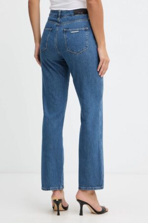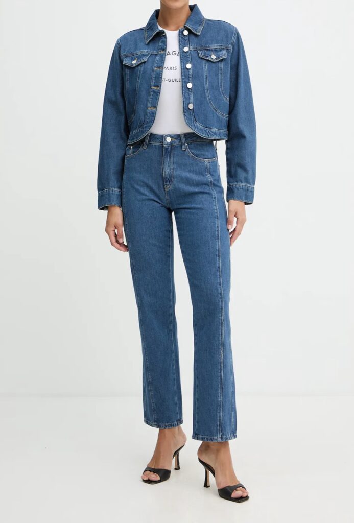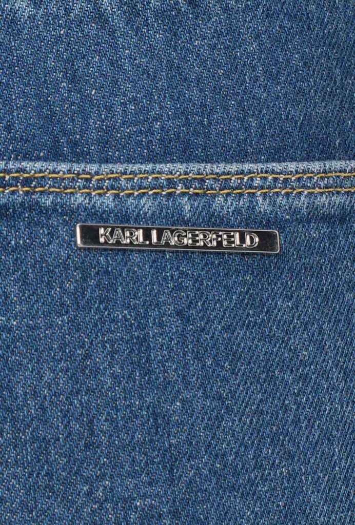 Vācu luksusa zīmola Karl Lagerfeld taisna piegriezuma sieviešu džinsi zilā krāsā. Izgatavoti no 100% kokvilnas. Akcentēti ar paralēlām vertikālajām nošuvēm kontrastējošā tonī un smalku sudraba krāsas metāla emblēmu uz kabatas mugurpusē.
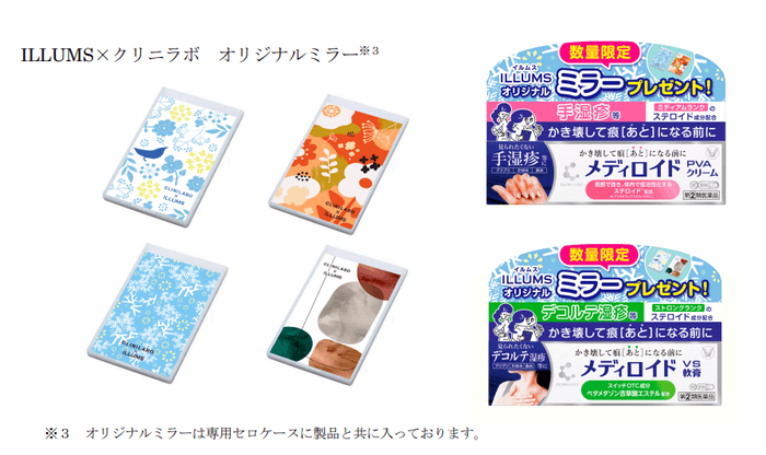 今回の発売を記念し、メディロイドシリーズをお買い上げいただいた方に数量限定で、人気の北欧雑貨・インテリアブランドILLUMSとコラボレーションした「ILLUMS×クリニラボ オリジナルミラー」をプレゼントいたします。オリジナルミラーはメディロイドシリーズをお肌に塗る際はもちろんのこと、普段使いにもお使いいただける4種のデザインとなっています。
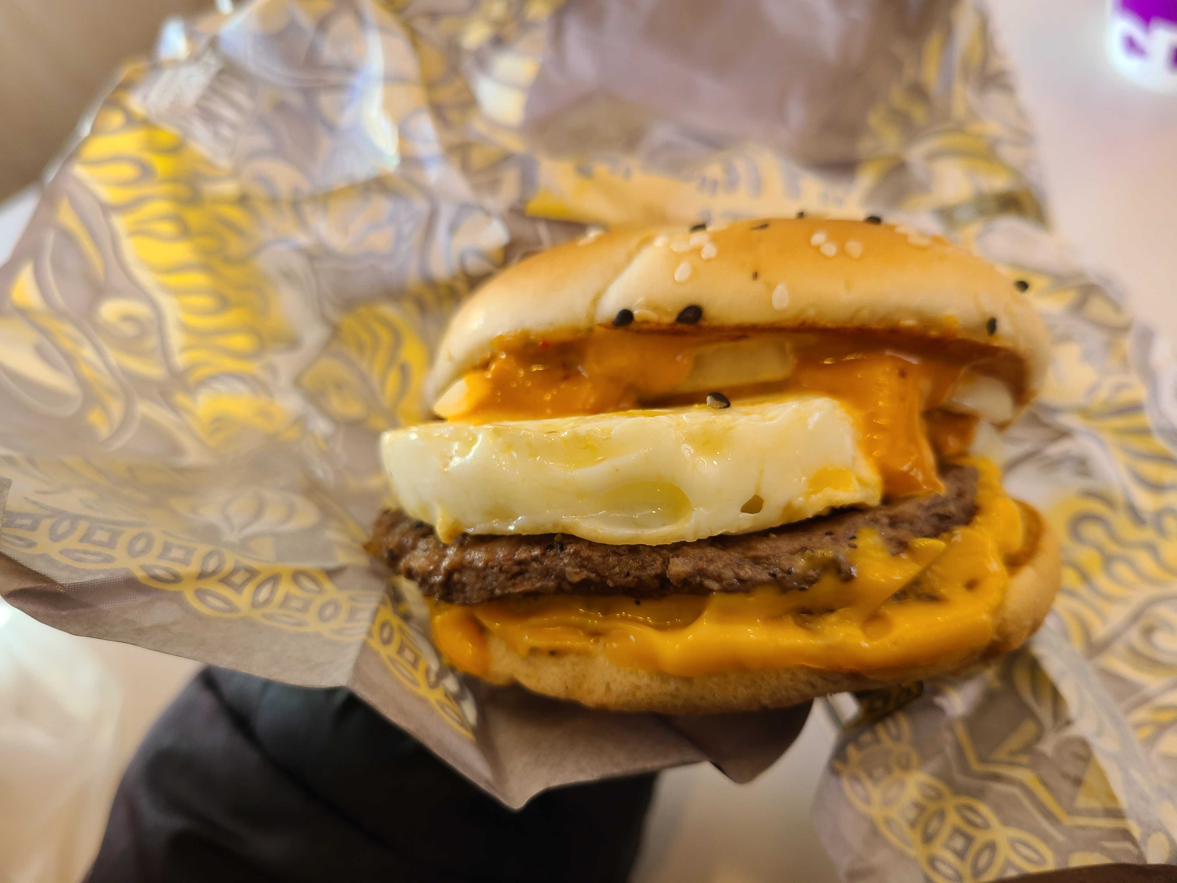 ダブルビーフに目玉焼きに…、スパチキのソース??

▬▬▬

Recopy the whole listing above precisely, excluding images.

 Vācu luksusa zīmola Karl Lagerfeld taisna piegriezuma sieviešu džinsi zilā krāsā. Izgatavoti no 100% kokvilnas. Akcentēti ar paralēlām vertikālajām nošuvēm kontrastējošā tonī un smalku sudraba krāsas metāla emblēmu uz kabatas mugurpusē.
 今回の発売を記念し、メディロイドシリーズをお買い上げいただいた方に数量限定で、人気の北欧雑貨・インテリアブランドILLUMSとコラボレーションした「ILLUMS×クリニラボ オリジナルミラー」をプレゼントいたします。オリジナルミラーはメディロイドシリーズをお肌に塗る際はもちろんのこと、普段使いにもお使いいただける4種のデザインとなっています。
 ダブルビーフに目玉焼きに…、スパチキのソース??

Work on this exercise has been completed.